Satellite meeting for Use-cases development and documentation


Several examples of the biological data are provided by users. The service developers explained how to use their programs for the data. Finally, users described the several potential work-flows for the computational part of their research.


  • Toshiaki Katayama
  • Young Joo Kim
  • Keun-Joon Park
  • Yunsun Nam
  • Arek Kasprzyk
  • Syed Haider
  • Shuichi Kawashima
  • Takeshi Kawashima
  • Raoul JP Bonnal
  • Tatsuya Nishizawa
  • Oswaldo Trelles
  • José M. Fernández
  • Paul Gordon
  • Vachiranee Limviphuvadh
  • Tobias Gattermayer
  • Riu Yamashita
  • Fumikazu Konishi
  • Takatomo Fujisawa
  • Bruno Aranda



  • 2009/3/19 15:00-18:00
  • anytime


  • 3F


Data for testing

  • SNPs data contain 262,338 SNPs (Stroke patient vs. normal) from Affymetrix SNP Chip (provided by Prof.Kim)
  • Amino acid sequences of 53 genes (multifasta format) which are located at disease map locus of one form of epilepsy (provided by Vachiranee)
  • Nucleotide sequences (multifasta format) (provided by Riu)
  • Genome data (provided by Takeshi)


Meeting log

Genome data

Question - Takeshi asked about how to annotate in-house data by comparing with public genome data using BioMart. - For example, how to annotate Halocynthia roretzi or Molgula tectiformis ESTs comparing with Ciona intestinalis and Ciona savigni using BioMart. Answer - Convert Halocynthia data into BioMart format. Install BioMart server locally. Then merge public DB and local data together. - BioMart format is simple.

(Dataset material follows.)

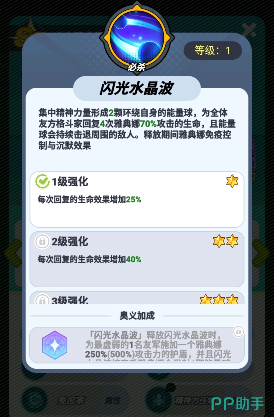 必杀是麻宫雅典娜最为重要的技能,释放时麻宫雅典娜会生成能力球为队友回复生命,且本次回复面对的是全体队友,不管队友与麻宫雅典娜距离多远,都能吃到本次必杀的治疗效果,这也令麻宫雅典娜有着极强的保人能力。若是必杀释放时麻宫雅典娜身边有敌人,那本次必杀还会持续对敌方造成击退效果,而且必杀存续期间,麻宫雅典娜还能免疫任何控制,所以除非敌人能将麻宫雅典娜击杀,否则没办法打断她的必杀。

Takeshi presented an example - minor animal (ex, H.roretzi, closest animal of Ciona) - how can analyze Halocynthia roretzi and M.tectiformis which are rare annotation. - type of data is ESTs, assembled EST cluster,etc - potential flow: BioMart -> ANNOTATOR -> TogoDB

SNPs data

ANNOTATOR currently can not analyse SNPs data itself but can analyze genes data which contain SNPs of interested.
Galaxy ( and RGenetics (

quality control, ancestry, case-control analysis, tdt, oter statistical tests

-can link dbSNPs to Galaxy for further analysis

Multifasta format (amino acid sequences)

ANNOTATOR can upload multifasta format of amino acid sequences and do Prim-seq-an algorithm
BioMart can upload GeneID but not the sequences to retrieve information associated to the GeneID
jORCA provide list of analysis tools which could do with FASTA format

Multifasta format (nucleotide sequences)

Currently, ANNOTATOR cannot analyze nucleotide sequences.

DL ESTs of Halocynthia roretzi from NCBI/Taxonomy

TogoDB by Toshiaki - upload table format (table services for uploading data will be able to access using WS)

Other comments from Developper side

jORCA by Oswaldo

-mapped WABI services - jORCA: WABI WSDL application can run in local machine after installation - jORCA can tell which kind of analysis tools can do with our multifasta format file or anykind of format. For example, using Magallanes: INB*, if put "FASTA" in Find box, the result come up with 23 tools that could use for analysis. For analysis use
*Magallanes: INB (Services that discover what kind of analysis can provide for your data format)



  • How to combine the in house data into Public BioMart? => KAAS, blast2GO etc.
  • How easy to install the BioMart in local?
  • How modify the design of the interface of TogoDB?
  • User didn't have their own Data Repository site. (for TogoDB)

Requests from users to developper

TO:  IntAct, Cytoscape

It would be nice if user can retrieve PPIs which are expressed in any tissues by using option function. (From: Vachiranee)

  • At this moment the only way that Bruno@IntAct knows of doing this is to get the list of proteins from a specific tissue (using  PRIDE) and then using the list of proteins accessions to find PPIs in the molecular interaction databases, such as  IntAct. If there is interest, we (IntAct) could find a way to include this option in a future release.


  • In the conversation with mostly biology-oriented participants of the Hackathon, we found the following requests for ANNOTATOR to suit their needs
  • Ability to do batch jobs, i.e. large number of proteins annotated by our software (request came from many)
  • ANNOTATOR should be downloadable and deployable somewhere local
  • We were offered a potential collaboration in terms of using computing power of a TITECH  TSUBAME supercomputer. This means the ANNOTATOR's jobs need a mechanism to be submitted to an external site.
  • For better results, consistency and the ability to replicate the annotator pipeline in a remote location, we need periodic and automatic updation of the underlying databases of the algorithms.
  • How differences between ANNOTATOR and  InterProscan
  • Ability to save results of analysis as xml format for further analysis

TO: Galaxy

  • I'd like to input the list of ID on galaxy (such as Gene ID, IPR No.) to text form of biomart filter.